RECORDS TO PROCESS ::
▬▬▬

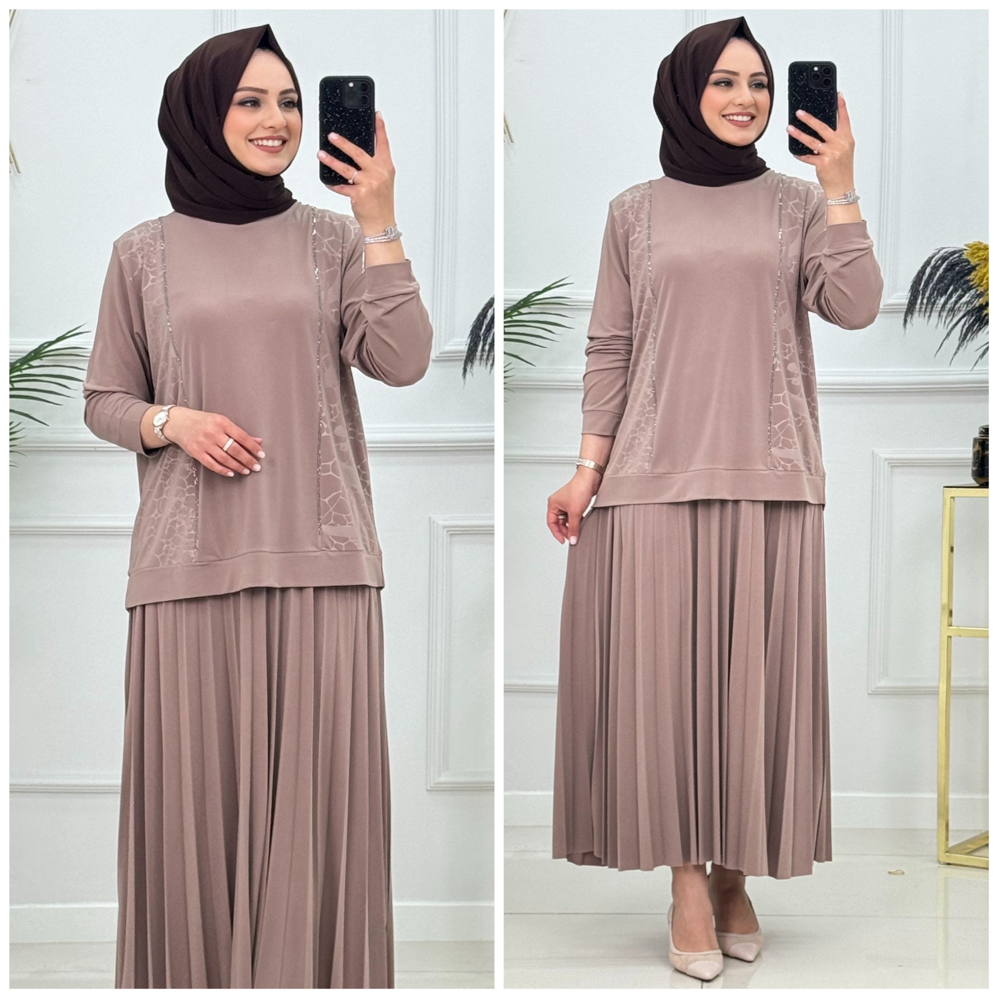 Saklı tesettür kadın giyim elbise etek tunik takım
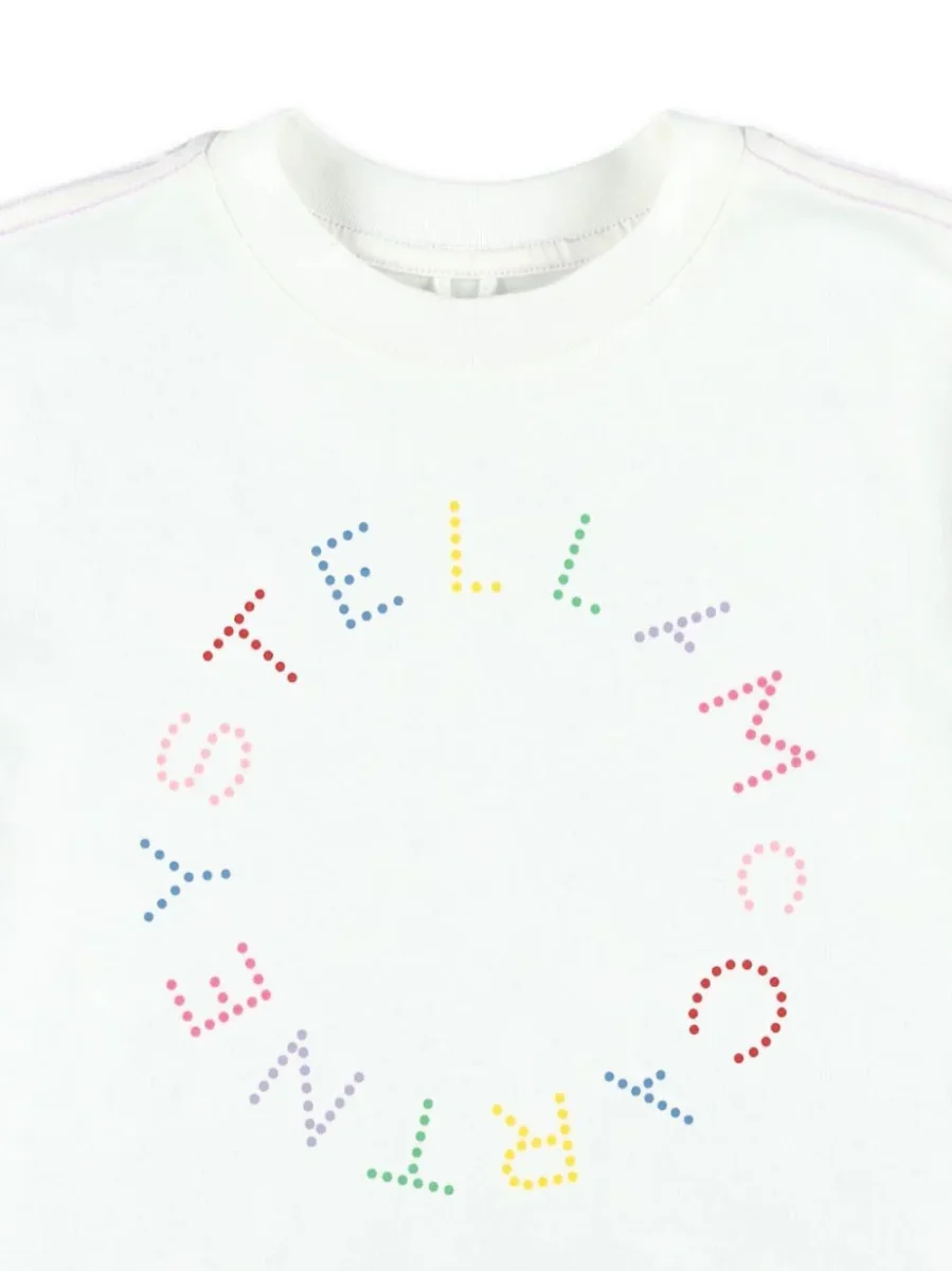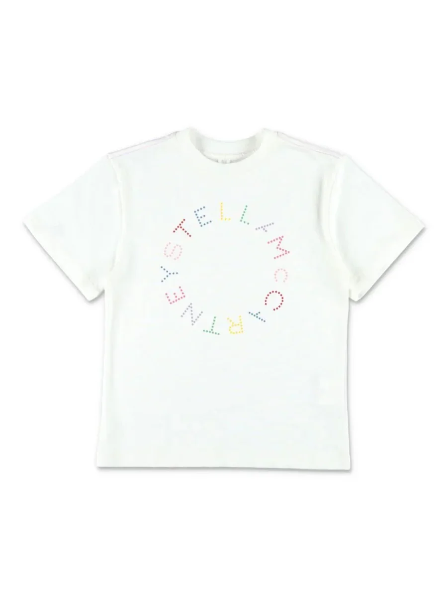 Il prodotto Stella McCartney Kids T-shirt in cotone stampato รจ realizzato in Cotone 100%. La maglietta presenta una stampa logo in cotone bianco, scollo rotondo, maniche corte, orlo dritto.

▬▬▬

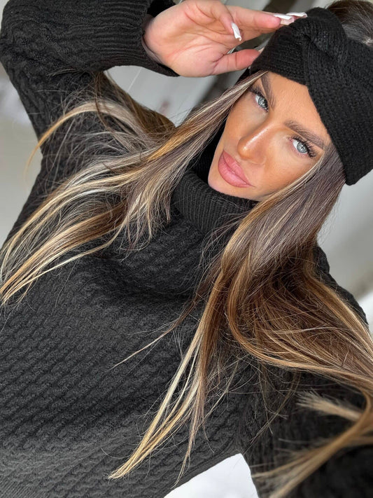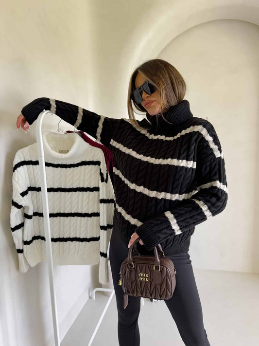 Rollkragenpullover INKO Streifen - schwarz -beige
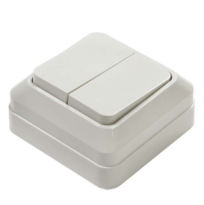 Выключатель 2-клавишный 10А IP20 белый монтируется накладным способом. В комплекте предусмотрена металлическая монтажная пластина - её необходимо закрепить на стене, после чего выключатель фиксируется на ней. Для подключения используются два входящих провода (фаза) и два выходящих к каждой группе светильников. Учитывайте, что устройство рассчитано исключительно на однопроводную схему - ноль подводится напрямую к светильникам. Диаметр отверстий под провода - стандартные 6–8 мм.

▬▬▬

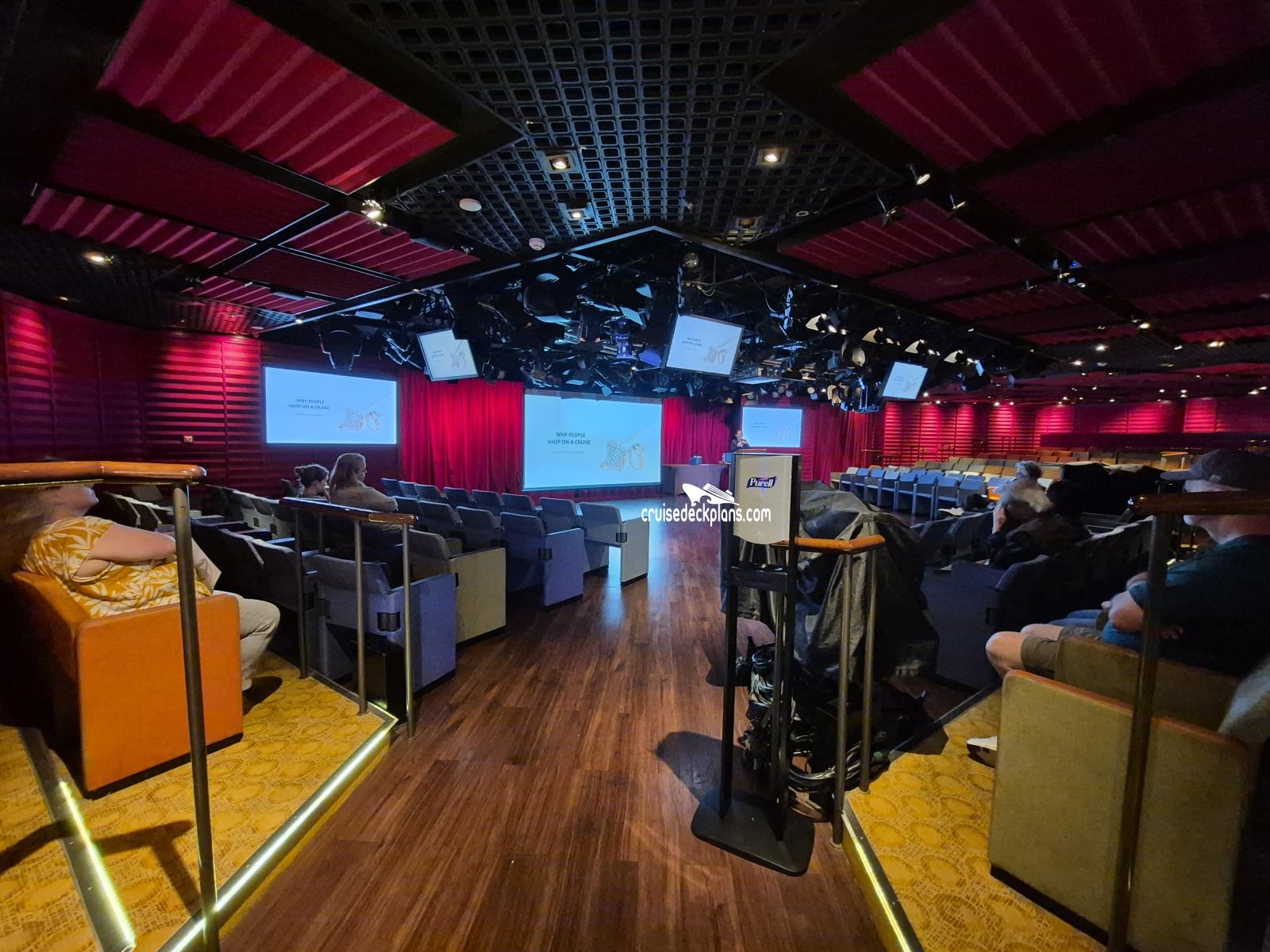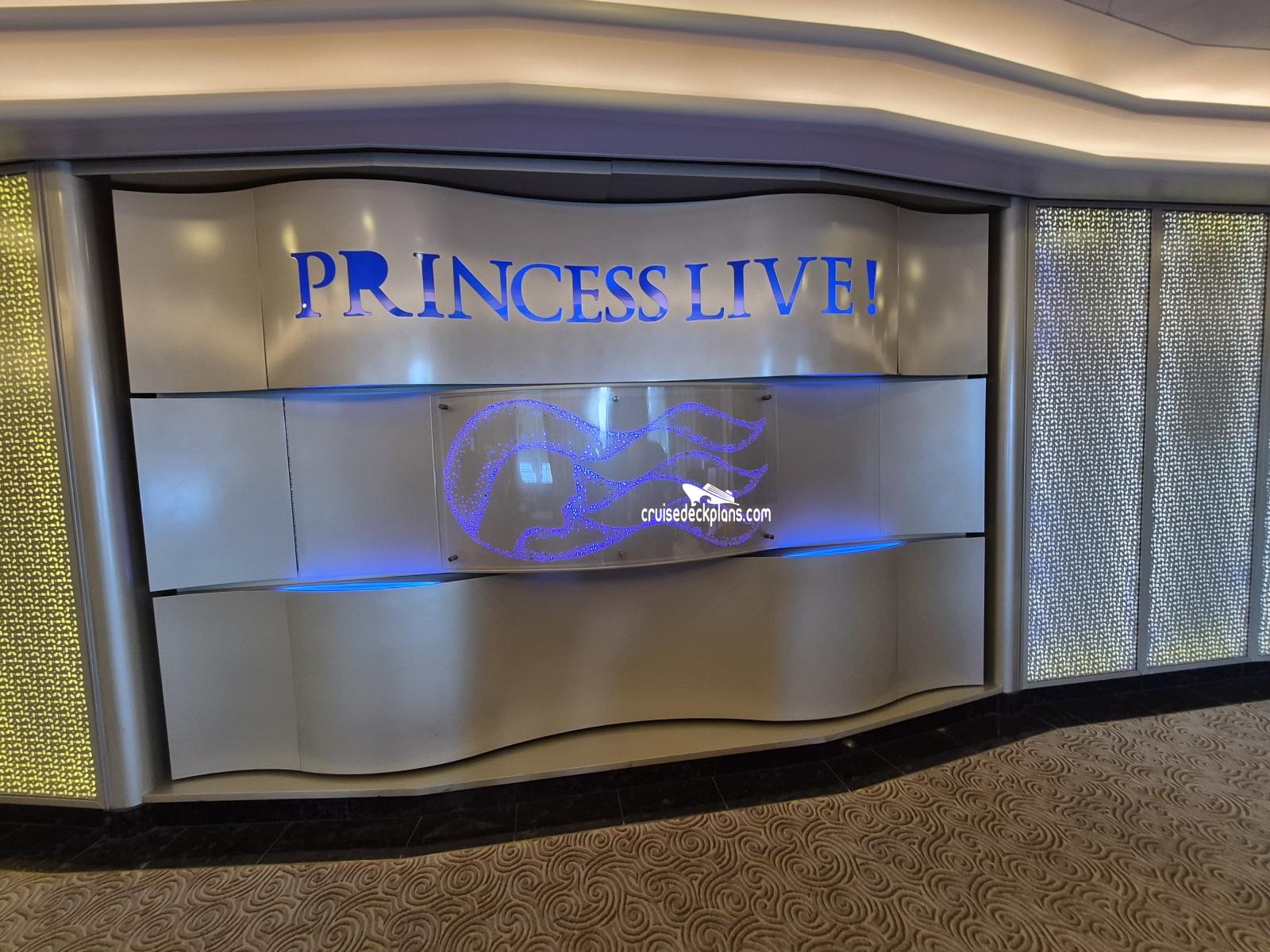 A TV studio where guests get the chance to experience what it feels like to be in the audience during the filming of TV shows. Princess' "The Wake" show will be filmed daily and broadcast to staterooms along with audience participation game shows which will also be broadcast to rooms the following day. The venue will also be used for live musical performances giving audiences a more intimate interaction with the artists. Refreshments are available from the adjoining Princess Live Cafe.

▬▬▬

WHAT YOU ARE ASKED TO DO ::
Using the data above, output the line that has "Saklı tesettür kadın", the line that has "Il prodotto Stella", and whatever lines fall between, each exactly as it stands and without pictures.

RESULT ::
 Saklı tesettür kadın giyim elbise etek tunik takım
 Il prodotto Stella McCartney Kids T-shirt in cotone stampato รจ realizzato in Cotone 100%. La maglietta presenta una stampa logo in cotone bianco, scollo rotondo, maniche corte, orlo dritto.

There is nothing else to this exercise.